AI integration of APIs is no dreams of the future – it's happening now. Companies are developing MCP tools and building AI agents that should use their internal and external APIs. The question is no longer "whether", but "how well".
Sure, the models continue to evolve. And we can assume that the possibilities and capabilities to deal with the challenges described in this article will also improve. However, we certainly have means and ways to approach this differently already today – and make "life" a little easier for our agents.
And here lies the opportunity: You don't have to choose between "AI-friendly" and "developer-friendly". The principles that make APIs better for AI agents – clear business context, explicit use cases, documented workflows – also make them more intuitive and easier to use for human developers.

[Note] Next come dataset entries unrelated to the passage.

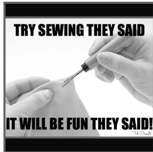
Just For Fun

Does matching patterns in your fabric make you want to 🤔 🤔?
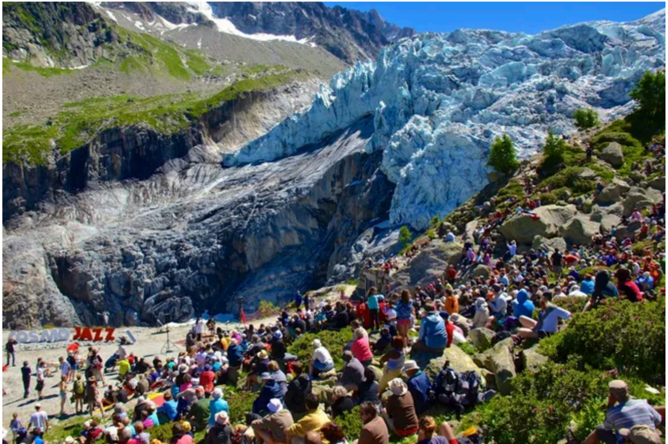
The Cosmo Jazz Festival attracts visitors from around the world, who enjoy eight days of music set amidst the most dramatic alpine scenery in Europe.

With its glass floor, the attraction allows visitors to peer over a 3,200-foot precipice.
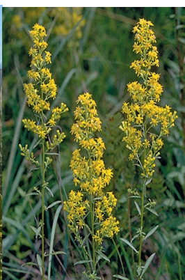
Solidago speciosa Showy goldenrod
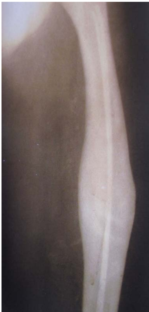
Fig. (11). post- operative radiograph at the end of 1 year showing varus angulation.
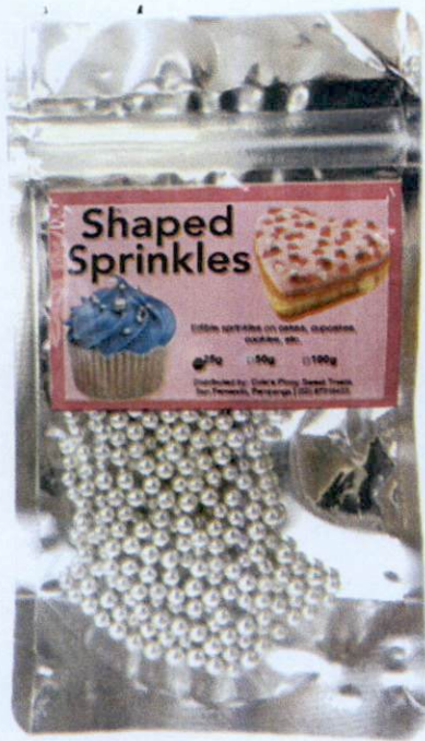
Figure 2. Unregistered COLE'S PINOY SWEET TREATS Shaped Sprinkles
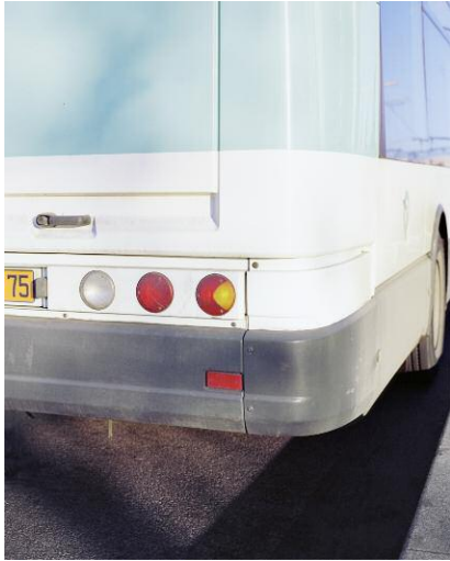
Press image 1 © MARTIN ESSL

AI agents will certainly "appreciate" that too. They thank us by consuming fewer tokens or achieving better and more reproducible results.
The Core Message to Take Away
Shift complexity from the probabilistic LLM to deterministic code.
This isn't a plea against flexibility or for rigid, inflexible systems. It's a plea for clear responsibilities:
- The LLM understands the user's intention and chooses the appropriate tool.
- The deterministic code reliably executes the complex orchestration.
- Users get reproducible, reliable results.